**WHAT YOU SHOULD DO**
Range to copy from the entries below: the line containing "Порно комикс Рукокрылица." through the line containing "4.11.1.2 切断正常供电电源后,应急工作状态的持续时间不应低于表1规定。", inclusive. Retype only those lines, exactly, without any images.

**RECORDS SHOWN**
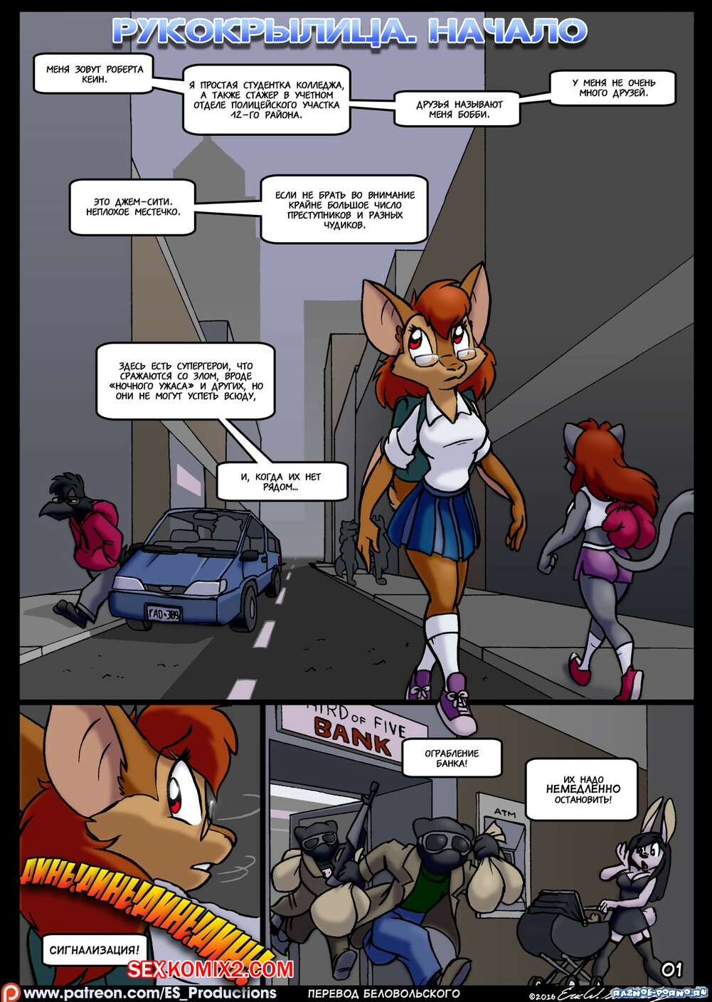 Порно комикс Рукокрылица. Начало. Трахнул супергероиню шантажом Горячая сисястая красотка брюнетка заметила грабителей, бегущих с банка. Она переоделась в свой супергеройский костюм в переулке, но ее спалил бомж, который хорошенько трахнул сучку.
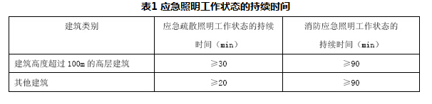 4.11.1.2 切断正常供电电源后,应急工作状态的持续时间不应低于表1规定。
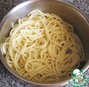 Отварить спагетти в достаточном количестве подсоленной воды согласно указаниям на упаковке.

--

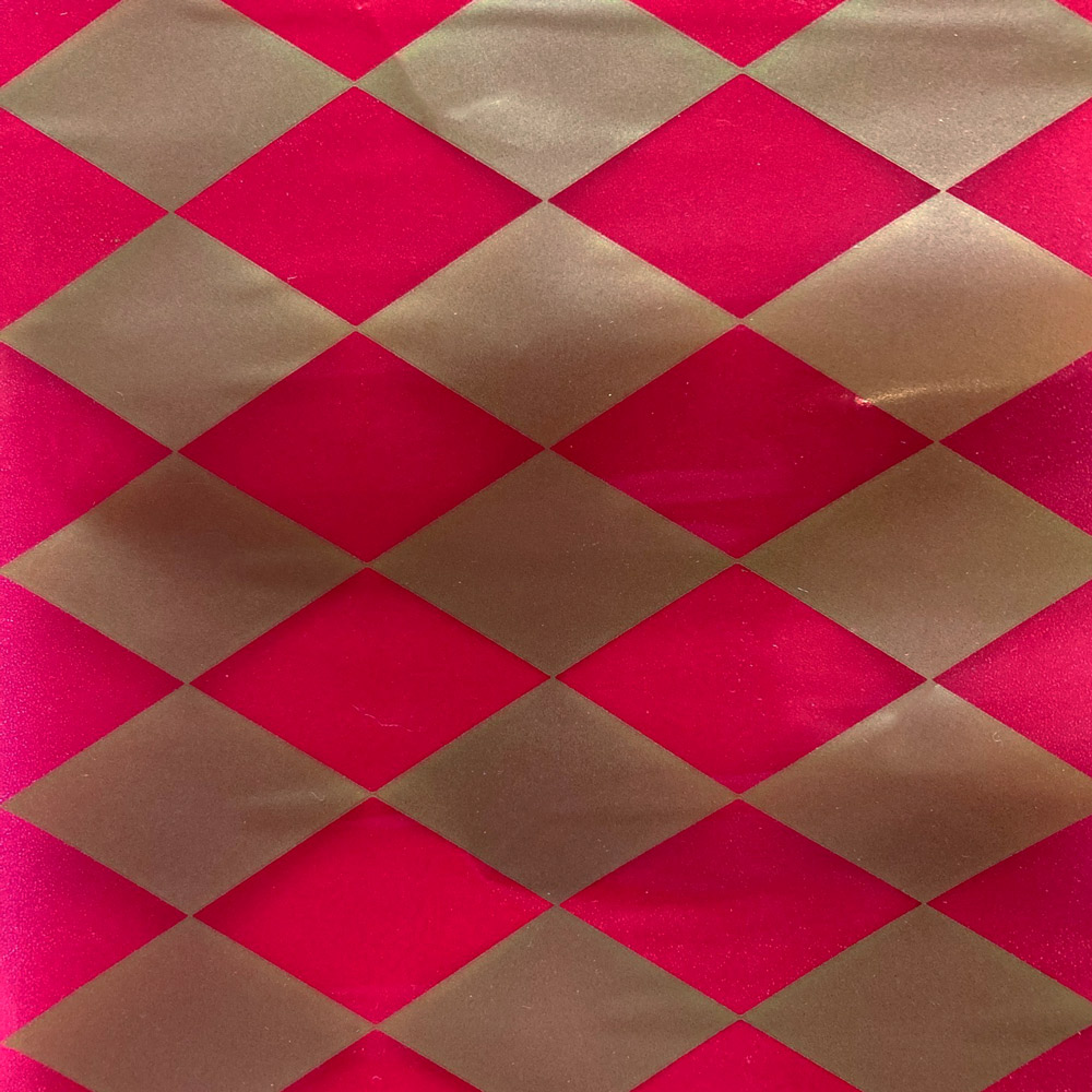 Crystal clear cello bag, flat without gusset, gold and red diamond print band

**RESULT**
 Порно комикс Рукокрылица. Начало. Трахнул супергероиню шантажом Горячая сисястая красотка брюнетка заметила грабителей, бегущих с банка. Она переоделась в свой супергеройский костюм в переулке, но ее спалил бомж, который хорошенько трахнул сучку.
 4.11.1.2 切断正常供电电源后,应急工作状态的持续时间不应低于表1规定。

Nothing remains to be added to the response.